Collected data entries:
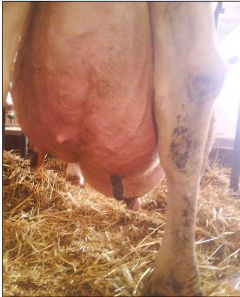
Slika 7. Mastitis
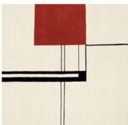
WENDINGEN 1925 - 1935
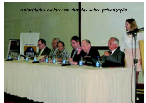
Autoridades esclarecem dúvidas sobre privatização
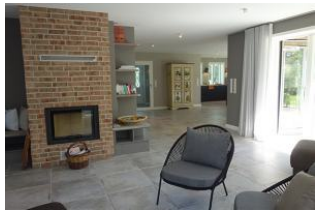
Der Blick Richtung Küche...
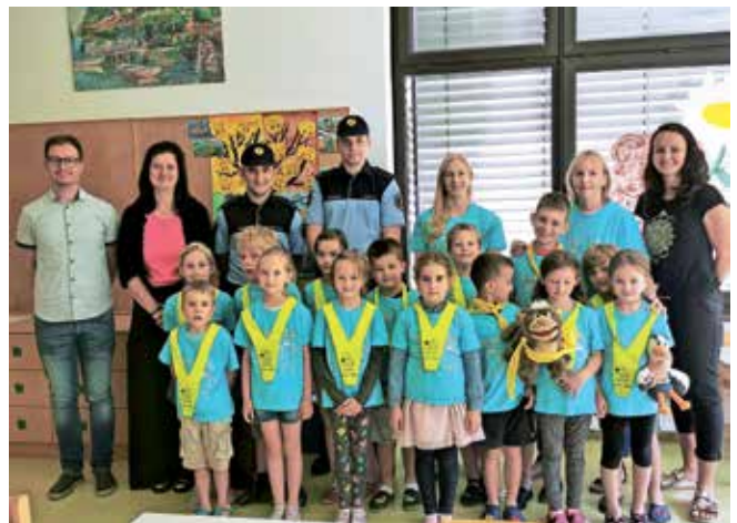
... in OŠ Josipa Vandota Kranjska Gora
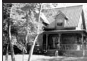
Domaine des Patriarches

Cachet de campagne irrésistible, sur beau terrain avec forêt arrière, retirée de la route, belle cuisine, accès ext. sous-sol, garage double. — 339 000 $
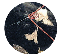
Fig. 7 Les cordes restent souvent prises dans les identifiants, causant la perte de ceux-ci.
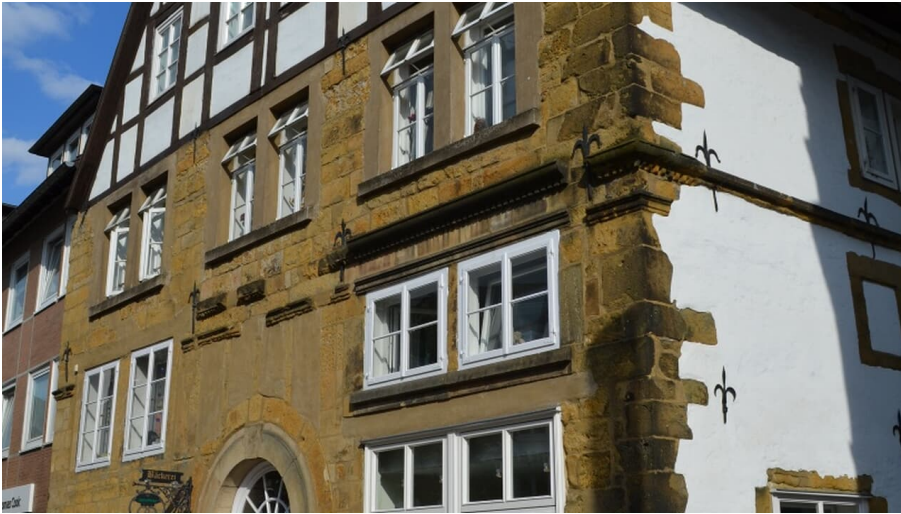
Haus Müller

**TASK PROMPT:** The entries are to be restated word for word, with pictures omitted.

**RESPONSE BELOW:**
Slika 7. Mastitis
WENDINGEN 1925 - 1935
Autoridades esclarecem dúvidas sobre privatização
Der Blick Richtung Küche...
... in OŠ Josipa Vandota Kranjska Gora
Domaine des Patriarches

Cachet de campagne irrésistible, sur beau terrain avec forêt arrière, retirée de la route, belle cuisine, accès ext. sous-sol, garage double. — 339 000 $
Fig. 7 Les cordes restent souvent prises dans les identifiants, causant la perte de ceux-ci.
Haus Müller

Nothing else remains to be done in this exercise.